Task to complete:
Reproduce every entry that follows word for word, but omit the images.

Stored data entries:
____________
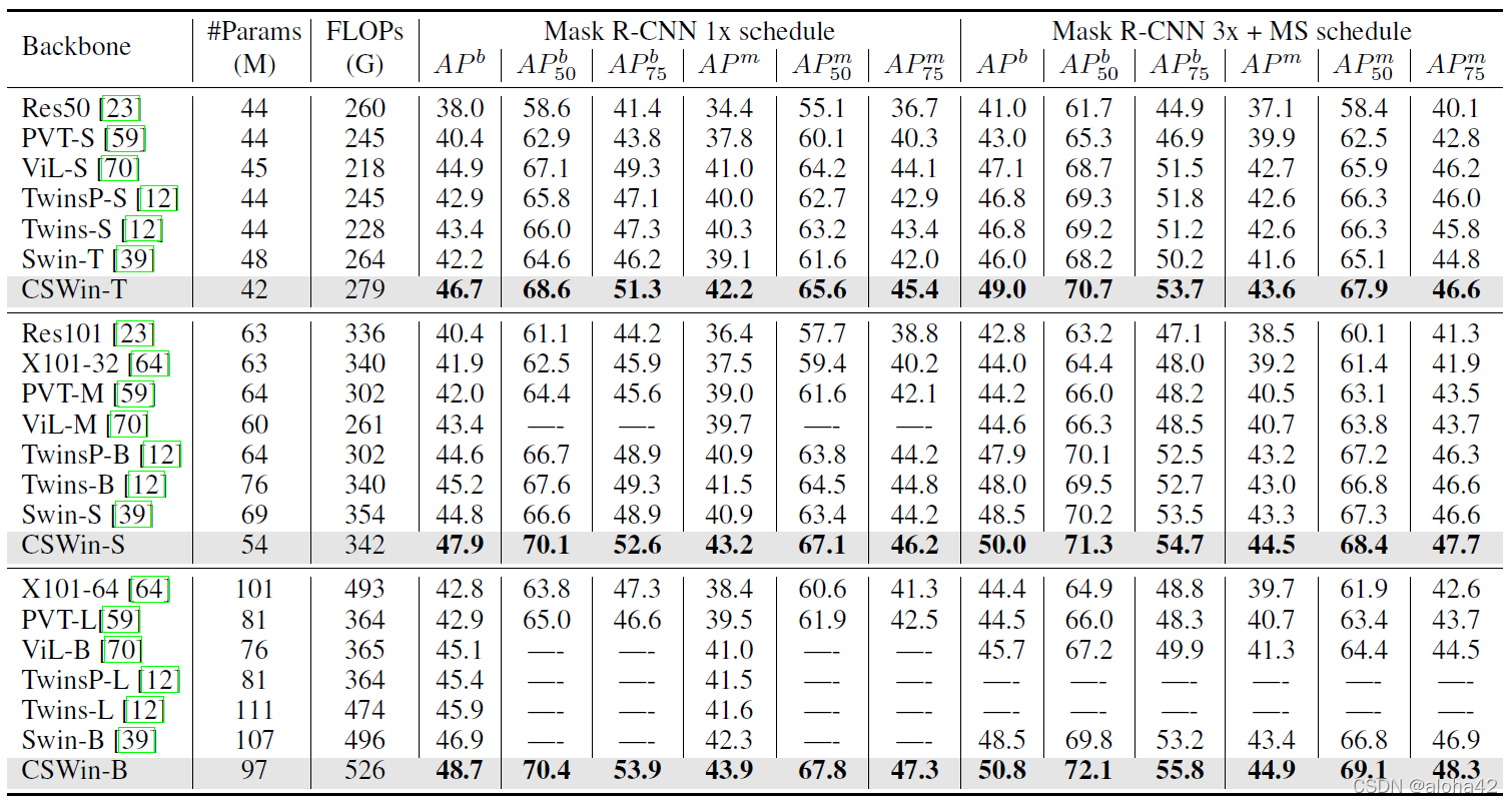 Object detection and instance segmentation performance on the COCO val2017 with the Mask R-CNN framework. The FLOPs (G) are measured at resolution 800x1280, and the models are pre-trained on the ImageNet-1K dataset.
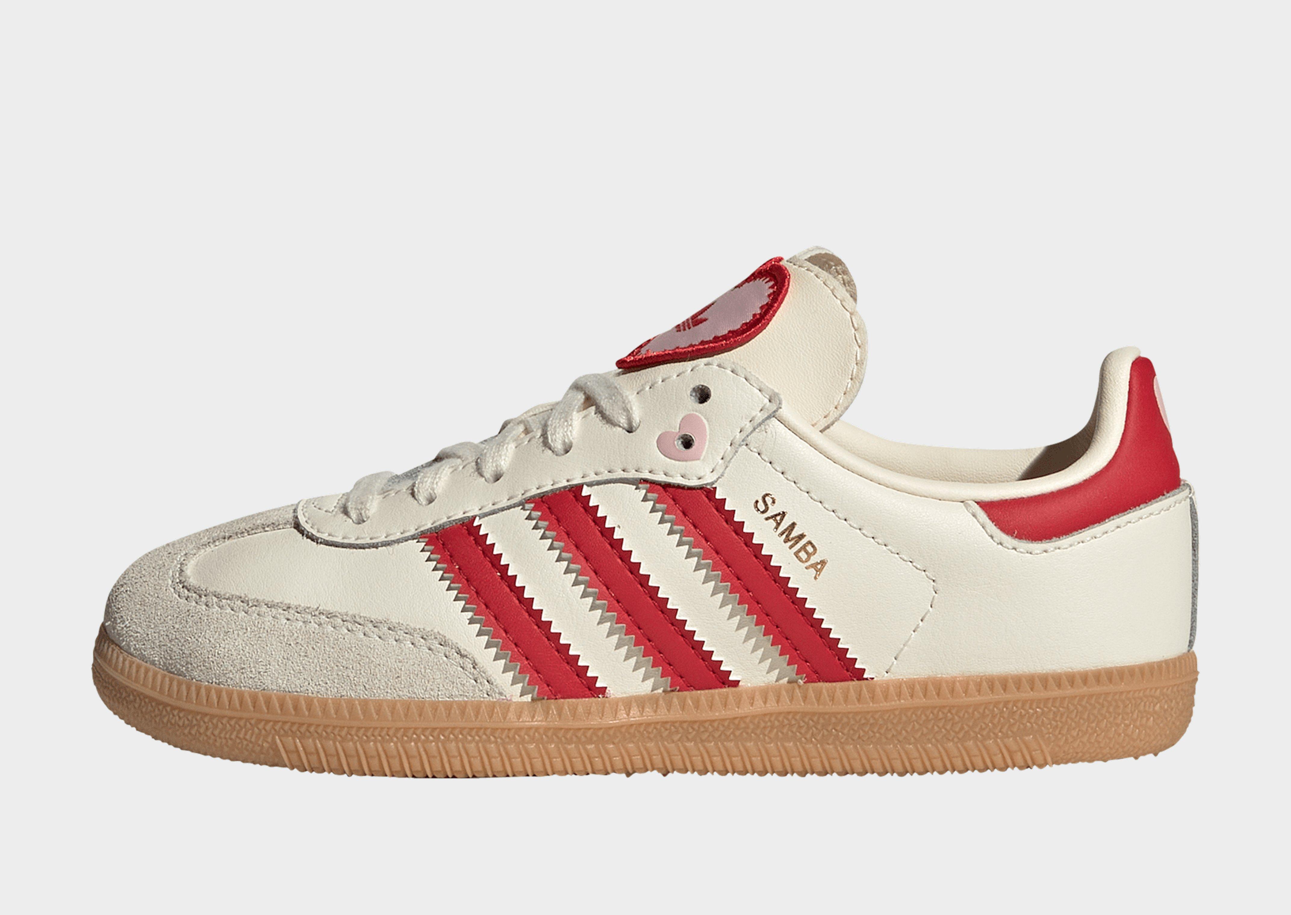 Experience wearable legacy with our Samba OG Shoes, a true icon of adidas Originals. Since the 1950s, Samba has been embraced by generations on football pitches and skate parks for its timeless design and versatility. Crafted with a quality upper and T-toe, adidas offer a classic look that stands the test of time. Designed for kids, our trainers feature a gum tooling making them suitable for school, play, or casual outings. The ortholite sockliner provides comfort, while the eye-stay lace closure and elasticised laces create easy wearability. Classic Originals tongue branding and embossed 3-stripes add a touch of style.Whether they're running around the playground or exploring new adventures, our durable trainers are a piece of history that your little one can make their own.
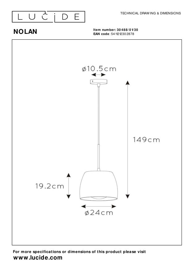 Hou je van indirect licht in een strakke omkadering? Dan is Nolan zeker iets voor jou. Deze subtiele hanglamp laat niet in zijn kaarten kijken en beschermt zijn lichtbron met een metalen, ronde koker. Nolan is in hoogte verstelbaar, tot 166,2 centimeter. De ideale pendellamp boven je salontafel, een kleine eettafel of keukentafel. Bovendien is het licht afgeschermd met een ronde schaal en schijnt het nooit rechtstreeks in je ogen. Voor een optimaal effect koppel je Nolan aan een dimmer en geniet op elk moment van de juiste intensiteit. Unieke productkenmerken: • Geschikt voor toepassing met LED lichtbron • Deze lamp is in hoogte verstelbaar • Eenvoudig aan te sluiten op een dimmer (excl.) • Vervaardigd uit hoogwaardig metaal Belangrijke productkenmerken: • Verbruik: 1x60W / 230V / Dimbaar (lichtbron niet inbegrepen) • Afmetingen: Ø24 cm \ H.149 cm • 2 Jaar garantie op het armatuur / Passende lichtbron is EAN: 5411212491152 Waarom kiezen voor Lucide verlichting? Lucide staat voor trendsettend design, vakmanschap en betrouwbaarheid. Als Belgisch familiebedrijf met ruim drie decennia aan expertise ontwerpen wij hoogwaardige verlichting die elke ruimte – binnen én buiten – verrijkt en transformeert. Onze veelzijdige collectie omvat duurzame armaturen en energiezuinige lichtbronnen, zorgvuldig ontworpen door onze eigen experts en geproduceerd volgens de strengste CE-normen. Met ons uitgebreide assortiment bieden we jou altijd een geschikte lichtoplossing, ongeacht stijl of ruimte. Zo verlichten we niet enkel jouw leefruimte maar ook jouw keuzeproces in de zoektocht naar kwalitatieve betaalbare verlichting. Bij Lucide combineren we innovatie met vakmanschap, voor verlichting die niet alleen sfeer toevoegt, maar van ieder huis een thuis maakt.
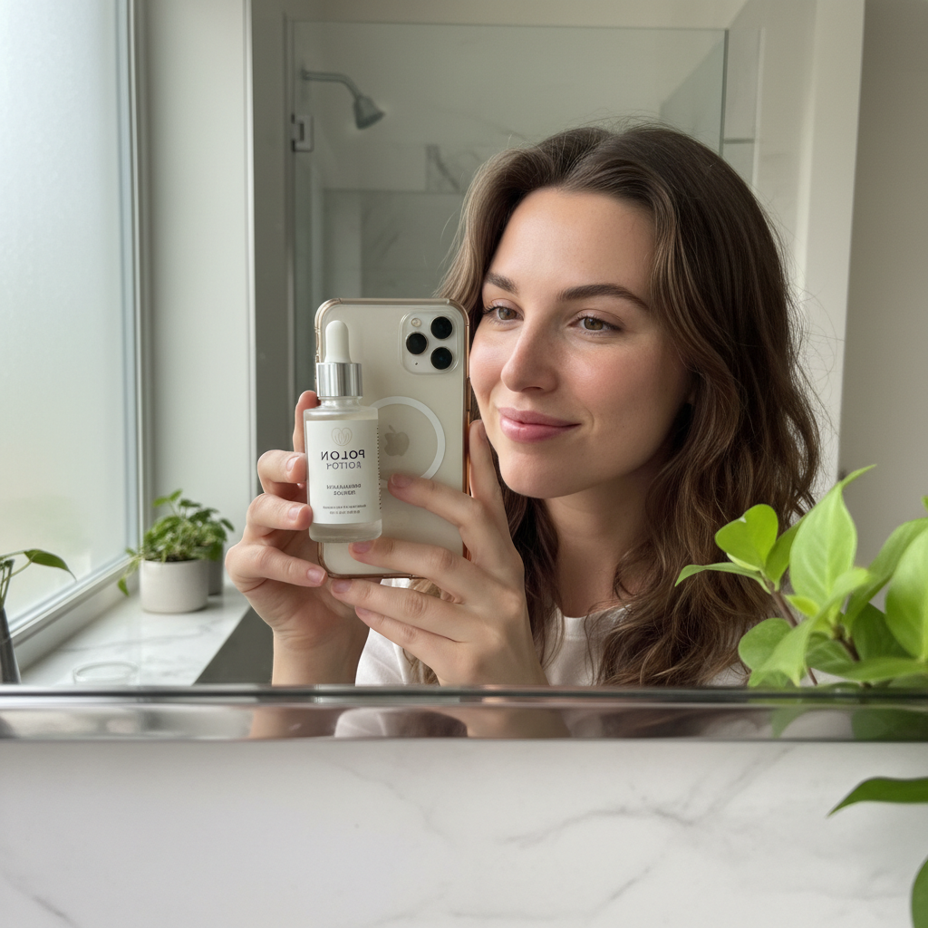 Creator holding skincare product to camera in bathroom mirror selfie
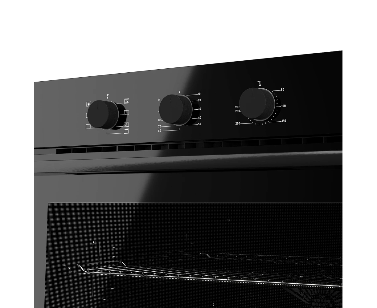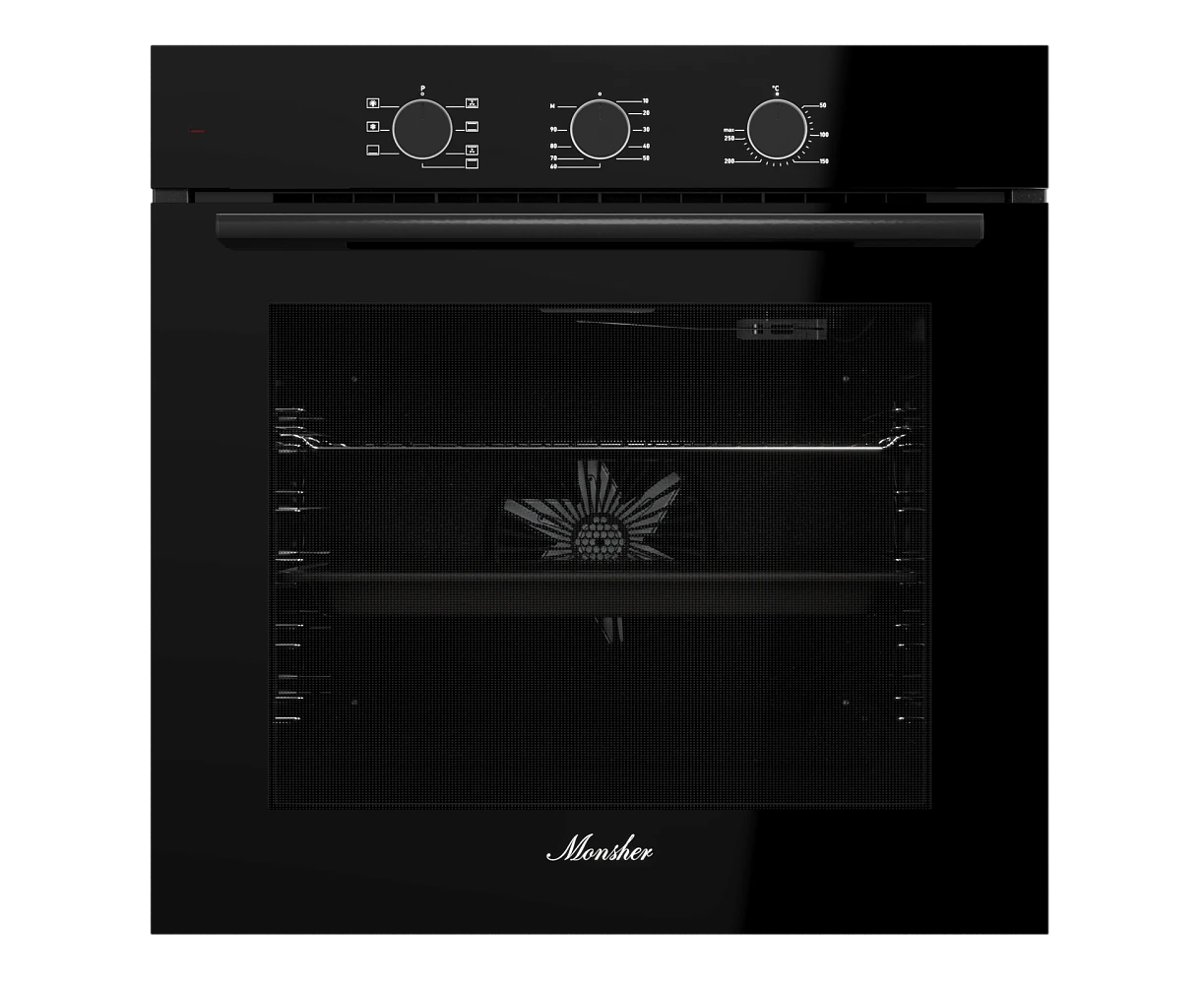 Духовой шкаф MONSHER MOE 6007 Noir 60см, объем 80л, утапливаемые переключатели, механический таймер, 2 стекла в дверце, энергоэффективность А
____________
Response box:
 Object detection and instance segmentation performance on the COCO val2017 with the Mask R-CNN framework. The FLOPs (G) are measured at resolution 800x1280, and the models are pre-trained on the ImageNet-1K dataset.
 Experience wearable legacy with our Samba OG Shoes, a true icon of adidas Originals. Since the 1950s, Samba has been embraced by generations on football pitches and skate parks for its timeless design and versatility. Crafted with a quality upper and T-toe, adidas offer a classic look that stands the test of time. Designed for kids, our trainers feature a gum tooling making them suitable for school, play, or casual outings. The ortholite sockliner provides comfort, while the eye-stay lace closure and elasticised laces create easy wearability. Classic Originals tongue branding and embossed 3-stripes add a touch of style.Whether they're running around the playground or exploring new adventures, our durable trainers are a piece of history that your little one can make their own.
 Hou je van indirect licht in een strakke omkadering? Dan is Nolan zeker iets voor jou. Deze subtiele hanglamp laat niet in zijn kaarten kijken en beschermt zijn lichtbron met een metalen, ronde koker. Nolan is in hoogte verstelbaar, tot 166,2 centimeter. De ideale pendellamp boven je salontafel, een kleine eettafel of keukentafel. Bovendien is het licht afgeschermd met een ronde schaal en schijnt het nooit rechtstreeks in je ogen. Voor een optimaal effect koppel je Nolan aan een dimmer en geniet op elk moment van de juiste intensiteit. Unieke productkenmerken: • Geschikt voor toepassing met LED lichtbron • Deze lamp is in hoogte verstelbaar • Eenvoudig aan te sluiten op een dimmer (excl.) • Vervaardigd uit hoogwaardig metaal Belangrijke productkenmerken: • Verbruik: 1x60W / 230V / Dimbaar (lichtbron niet inbegrepen) • Afmetingen: Ø24 cm \ H.149 cm • 2 Jaar garantie op het armatuur / Passende lichtbron is EAN: 5411212491152 Waarom kiezen voor Lucide verlichting? Lucide staat voor trendsettend design, vakmanschap en betrouwbaarheid. Als Belgisch familiebedrijf met ruim drie decennia aan expertise ontwerpen wij hoogwaardige verlichting die elke ruimte – binnen én buiten – verrijkt en transformeert. Onze veelzijdige collectie omvat duurzame armaturen en energiezuinige lichtbronnen, zorgvuldig ontworpen door onze eigen experts en geproduceerd volgens de strengste CE-normen. Met ons uitgebreide assortiment bieden we jou altijd een geschikte lichtoplossing, ongeacht stijl of ruimte. Zo verlichten we niet enkel jouw leefruimte maar ook jouw keuzeproces in de zoektocht naar kwalitatieve betaalbare verlichting. Bij Lucide combineren we innovatie met vakmanschap, voor verlichting die niet alleen sfeer toevoegt, maar van ieder huis een thuis maakt.
 Creator holding skincare product to camera in bathroom mirror selfie
 Духовой шкаф MONSHER MOE 6007 Noir 60см, объем 80л, утапливаемые переключатели, механический таймер, 2 стекла в дверце, энергоэффективность А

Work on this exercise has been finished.